----- DATA FOR PROCESSING
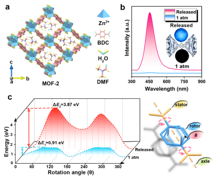 图:a) MOF-2的晶体结构,b) 压强处理前后MOF-2的荧光光谱和荧光照片,c) 压强处理前后BDC的旋转势垒。
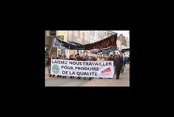 Ça me rappelle ce qu'il s'est passé au Chili en 73, bien sûr en France la CIA n'est pas derrière tout ça, quoi que ??? Avec ce que Glenn Greenwald va balancer bientôt on ne serait peut-être pas étonné de l'apprendre un jour (la déstabilisation de l'Europe et de sa monnaie unique). Je pense au Chili car c'est avec les camionneurs que ça avait commencé. Ils sont dans le mouvement chez nous aussi avec l'écotaxe pour laquelle personne n'avait moufté lors de son adoption en 2009. Là, dans notre doulce France, ça manifeste sec depuis quelques mois, ça a commencé avec les culs bénis et autres jean-foutre rétrogrades, tous les "contre" le mariage pour tous. Alors aujourd'hui, tout le monde est sur les routes, devant les lycées, dans la rue et aussi à Mont-de-Marsan ce jeudi 05 décembre, là, par contre c'est à mourir de rire quand je vois sur la banderole de la FDSEA (syndicat de droite agricole) le slogan que je vous laisse lire en haut à gauche.
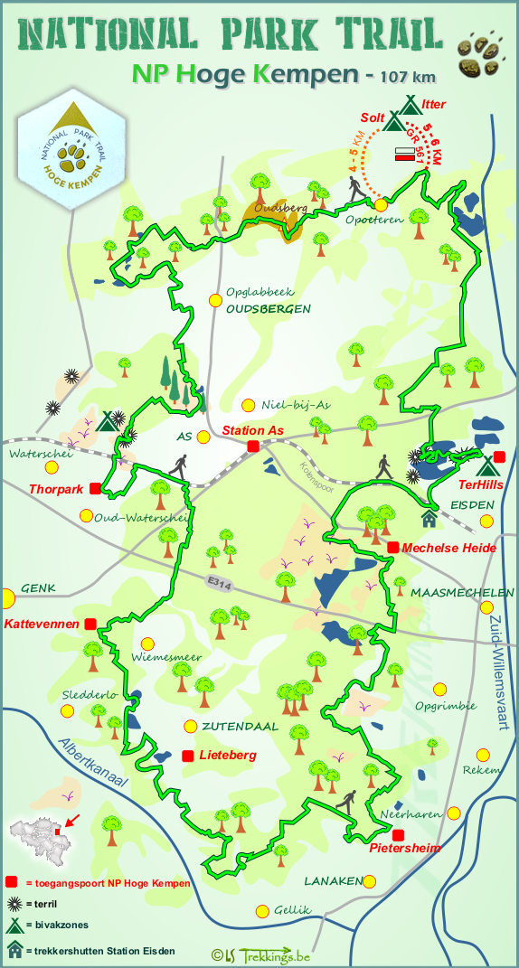 Het National Park Trail is bewegwijzerd in beide richtingen en loopt voor zowat 90 % over onverharde paden! Je kunt de tocht indelen in 5 etappes van pakweg 20 à 25 km per dag. Behalve Bivakzone Terhills ligt ook Bivakzone Thorpark kort (1 km) bij de langeafstandswandeling.
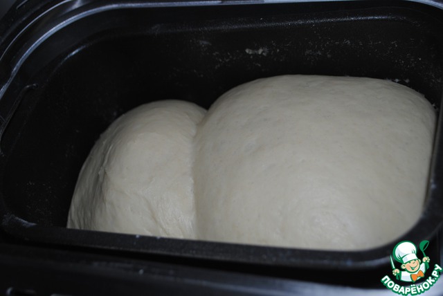 В теплое молоко высыпаем дрожжи и даем постоять 5-10 мин, до растворения дрожжей. Сыворотку подогреваем, смешиваем с молоком. Дальше загружаем все ингридиенты в ХП, согласно вашей инструкции. Выставляем программу замес + подъем. Через полтора часа тесто выглядело так.
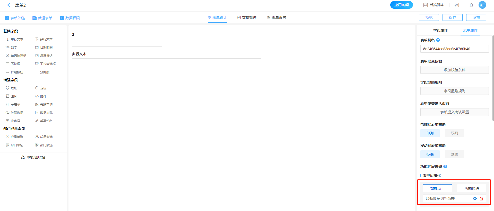 1. 进入表单2的表单属性的表单初始化数据助手配置页面。
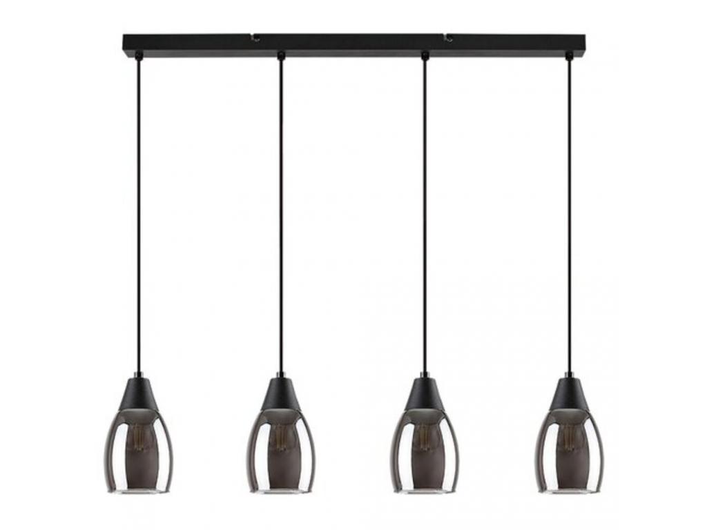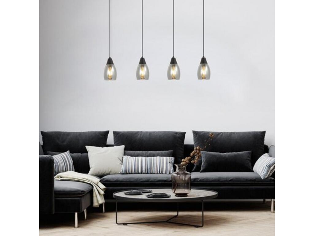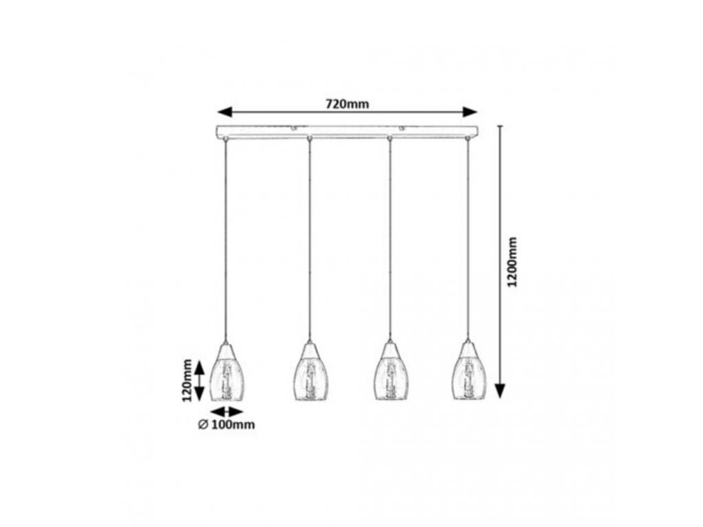 A visszafogott, harmonikus formatervezésű Ilmari négyes függeszték számos modern nappali berendezésének elegáns darabja lehet. A fémből készült fekete lámpát alul nyitott, lefelé enyhén szélesedő színezett üvegbúrák és hosszú, téglalap alakú, fekete dísztalp egészíti ki. Az azonos magasságban függő lámpafejek sorban egymás mellett helyezkednek el. Az Ilmari négy darab, egyenként legfeljebb 15 W teljesítményű fényforrással működtethető, a foglalatok típusa E27. Mivel a függesztéket elsősorban a nappaliba ajánljuk, természetes fehér fényű fényforrások használatát javasoljuk, amelyekkel modern, tiszta hatást érhetünk el. Mivel a színezett üvegbúrákon keresztül is jól érvényesülnek az izzók, a függeszték megjelenését még izgalmasabbá tehetjük, ha különleges formájú fényforrásokat választunk. A lámpa méretei a következők: szélessége 720 mm, egy-egy búra átmérője 100 mm, a lámpa belógása 1200 mm. Az Ilmari négyes függesztéket fényforrások nélkül szállítjuk.
----------
• [EXERCISE BRIEF] Return only the lines running from the top of the data to the line that holds "Het National Park". Include both of those lines, but skip the pictures.

• [TASK OUTPUT]
 图:a) MOF-2的晶体结构,b) 压强处理前后MOF-2的荧光光谱和荧光照片,c) 压强处理前后BDC的旋转势垒。
 Ça me rappelle ce qu'il s'est passé au Chili en 73, bien sûr en France la CIA n'est pas derrière tout ça, quoi que ??? Avec ce que Glenn Greenwald va balancer bientôt on ne serait peut-être pas étonné de l'apprendre un jour (la déstabilisation de l'Europe et de sa monnaie unique). Je pense au Chili car c'est avec les camionneurs que ça avait commencé. Ils sont dans le mouvement chez nous aussi avec l'écotaxe pour laquelle personne n'avait moufté lors de son adoption en 2009. Là, dans notre doulce France, ça manifeste sec depuis quelques mois, ça a commencé avec les culs bénis et autres jean-foutre rétrogrades, tous les "contre" le mariage pour tous. Alors aujourd'hui, tout le monde est sur les routes, devant les lycées, dans la rue et aussi à Mont-de-Marsan ce jeudi 05 décembre, là, par contre c'est à mourir de rire quand je vois sur la banderole de la FDSEA (syndicat de droite agricole) le slogan que je vous laisse lire en haut à gauche.
 Het National Park Trail is bewegwijzerd in beide richtingen en loopt voor zowat 90 % over onverharde paden! Je kunt de tocht indelen in 5 etappes van pakweg 20 à 25 km per dag. Behalve Bivakzone Terhills ligt ook Bivakzone Thorpark kort (1 km) bij de langeafstandswandeling.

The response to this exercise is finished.